Since the wiring is disposed in an area other than the sensor mounting area in such a mounting board as described above, the area of the conductive film is shrunk accordingly in the sensor mounting area. As a result, the deformation due to the thermal expansion of the conductive film is suppressed on the surface of the board main body. When the temperature changes, the relative displacement and the change in orientation between the electrodes are prevented. The temperature characteristic of the physical quantity sensor to be mounted in the sensor mounting area is preferably maintained.

(7) The wiring may be disposed on the surface of the mounting board. Even if the potentials are the same, the two electrodes are electrically separated from each other in the sensor mounting area. The conductive film is not formed between the two electrodes. As a result, the deformation due to the thermal expansion of the conductive film is suppressed between the two electrodes. When the temperature changes, the relative displacement and the change in orientation between the electrodes are prevented. The temperature characteristic of the physical quantity sensor to be mounted in the sensor mounting area is preferably maintained.

(8) The wiring may include a conductive via hole disposed along the thickness direction of the board main body, and the electrodes may be connected to each other inside the board main body via the conductive via hole. Since the conductive via hole is formed inside the board main body instead of the surface of the board main body, the relative displacement and the change in orientation between the electrodes are prevented on the surface of the board main body when the temperature changes.

(9) At least one of the conductive via holes may be disposed outside the sensor mounting area in the planar view. Since the conductive via hole is kept away from the sensor mounting area in such a manner as described above, the deformation due to the thermal expansion of the conductive body is more surely suppressed in the sensor mounting area.

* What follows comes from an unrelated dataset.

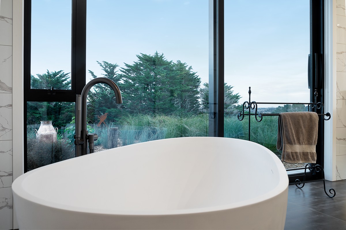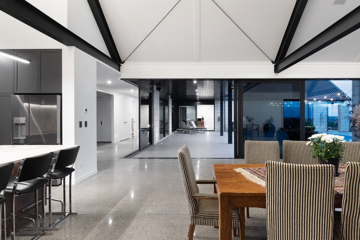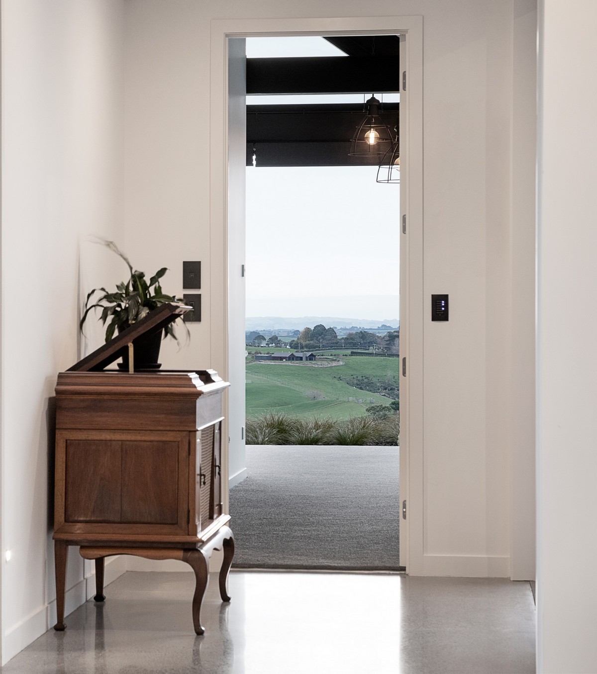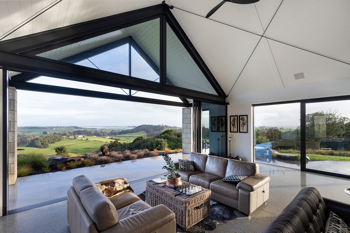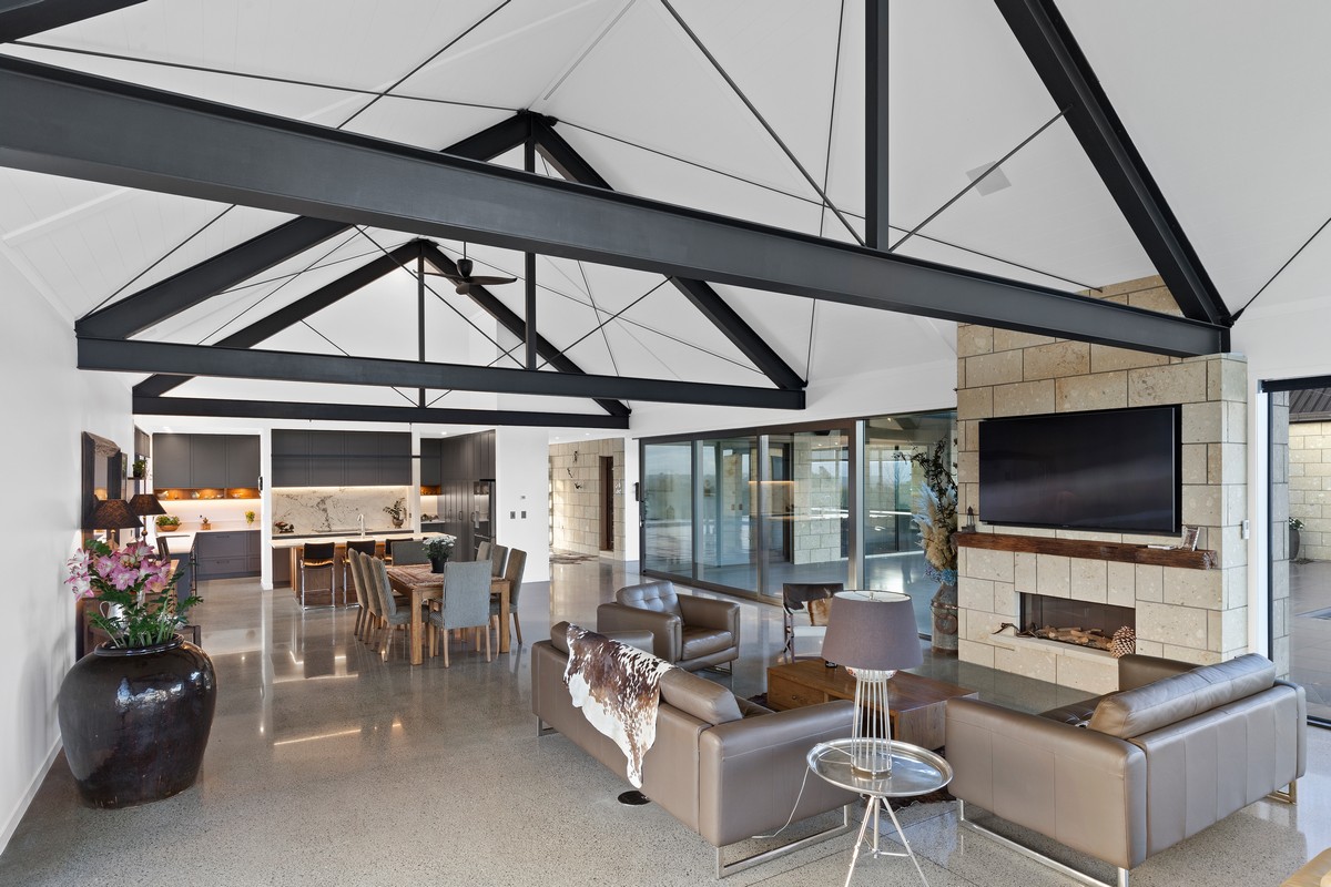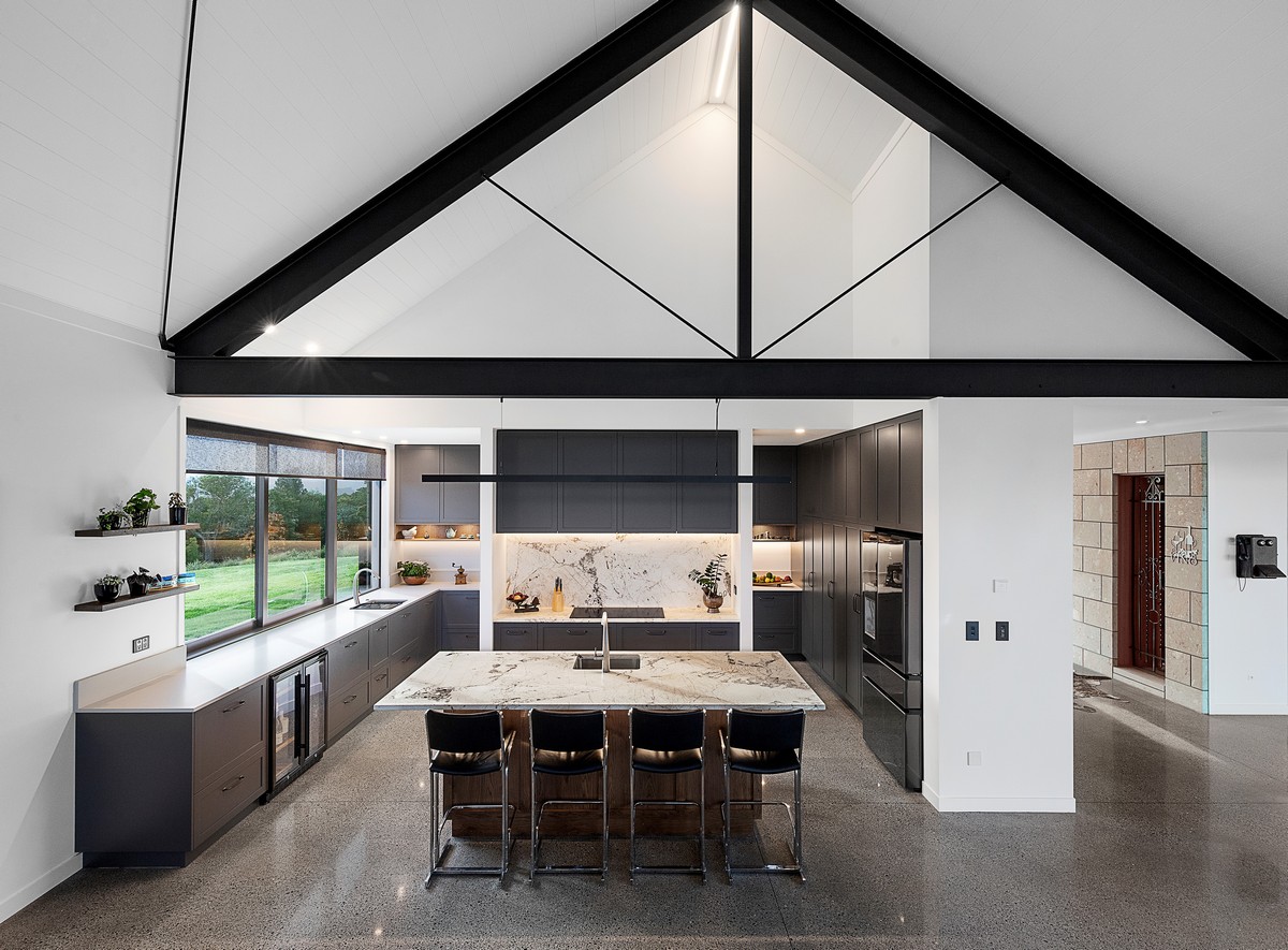 Exposed black painted Reid bracing accentuates the white ceilings, with the steel beams giving the lounge and bedrooms strength and a formal industrial feel.

(10) A shield electrode may be disposed outside the sensor mounting area and the wiring on the surface of the mounting board. Since the shield electrode is formed outside the sensor mounting area, the relative displacement and the change in orientation between the electrodes are prevented in the sensor mounting area when the temperature changes.

(11) The mounting board may be used in a sensor unit. On this occasion, the sensor unit is sufficiently provided with the mounting board, and the physical quantity sensor to be mounted in the sensor mounting area of the mounting board.

(12) The mounting board may also be used after being incorporated in an electronic apparatus. On this occasion, the electronic apparatus is sufficiently provided with such a mounting board as described above.

(13) Similarly, the mounting board may also be used after being incorporated in a moving body. On this occasion, the moving body is sufficiently provided with such a mounting board as described above.

BRIEF DESCRIPTION OF THE DRAWINGS

The invention will be described with reference to the accompanying drawings, wherein like numbers reference like elements.

FIG. 1 is a perspective view schematically showing an appearance of a sensor unit according to an embodiment of the invention.

FIG. 2 is a perspective view schematically showing an appearance of the sensor unit viewed from the bottom.

FIG. 3 is a perspective view schematically showing an acceleration sensor mounted on a board according to an embodiment of the invention.

FIG. 4 is a perspective view schematically showing an appearance of the acceleration sensor viewed from the bottom.

FIG. 5 is an enlarged plan view schematically showing a structure of a surface of the board.

FIG. 6 is a cross-sectional view along the 6-6 line shown in FIG. 3.

FIG. 7 is a plan view of a core layer schematically showing a pattern of a conductive layer.

FIG. 8 is a graph showing the temperature characteristic of the acceleration sensor based on the present embodiment.

FIG. 9 is a graph showing the temperature characteristic of the acceleration sensor based on a comparative example.

FIG. 10 is a diagram showing a modified example of a conductive body corresponding to FIG. 5, and is an enlarged plan view schematically showing the structure of the surface of the board.

FIG. 11 is a diagram showing a modified example of the conductive body corresponding to FIG. 5, and is an enlarged plan view schematically showing the structure of the surface of the board.

FIG. 12 is a block diagram schematically showing a configuration of an electronic apparatus according to an embodiment of the invention.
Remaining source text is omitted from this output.